LAS VEGAS — A prominent sandstone arch at Valley of Fire State Park in southern Nevada has collapsed.
Park rangers said it appears Natural Arch was claimed by forces that will eventually destroy about 300 others in the park: gravity and erosion.
They said horseback riders notified them about the damage Wednesday, and no one has reported seeing it fall. While it's unclear exactly why and when the arch collapsed, there's no evidence of vandalism, rangers added.
"Maybe someone tried to take a picture on the rock, which we don't recommend, but there's nothing here that proves this was done on purpose," park supervisor Jim Hammons told the Las Vegas Review-Journal.
The arch is along the Natural Arch Trail near the park's east entrance. Standing on a rock formation about 40 feet off the ground, the arch was nearly 6 feet tall and 5 feet across.
About a decade ago, another arch in the park, Mosquito Rock, collapsed after a combination of wind and rain during a storm.
Hammons said the same combination could have contributed to the collapse of Natural Arch, located about 55 miles northeast of Las Vegas.

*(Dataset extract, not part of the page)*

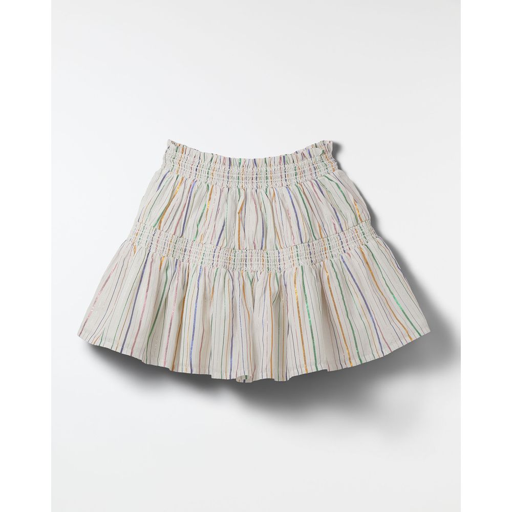 Saia com listras coloridas metalizadas e cintura de lastex. A roupa, parte da linha FARM Futura, destaca-se pelo design único com caimento godê e elástico no quadril. Ideal para compor visuais casuais com um toque original. Perfeita para aquele passeio descontraído. Combine com tops variados.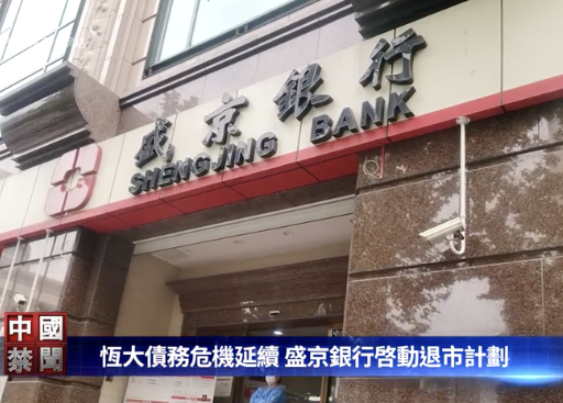 中國恆大被正式摘牌退市,盛京銀行也宣布啟動退市。(視頻截圖)

"It's not a strong rock," he said. "That's why we really don't have rock climbing out here. After enough water this stuff can break like a dirt clod."
The collapse left piles of crumbled, powdery red remains on Natural Arch's northwest side and a larger chunk of rock on the nearby trail.
The arch, which once resembled a dragon feeding its young, now appears more like a crescent. The long, rocky span that some hikers nicknamed the "dragon" is no more.
Like others in the park, Natural Arch was formed when sandstone was whittled down over time into its distinctive and photogenic formation.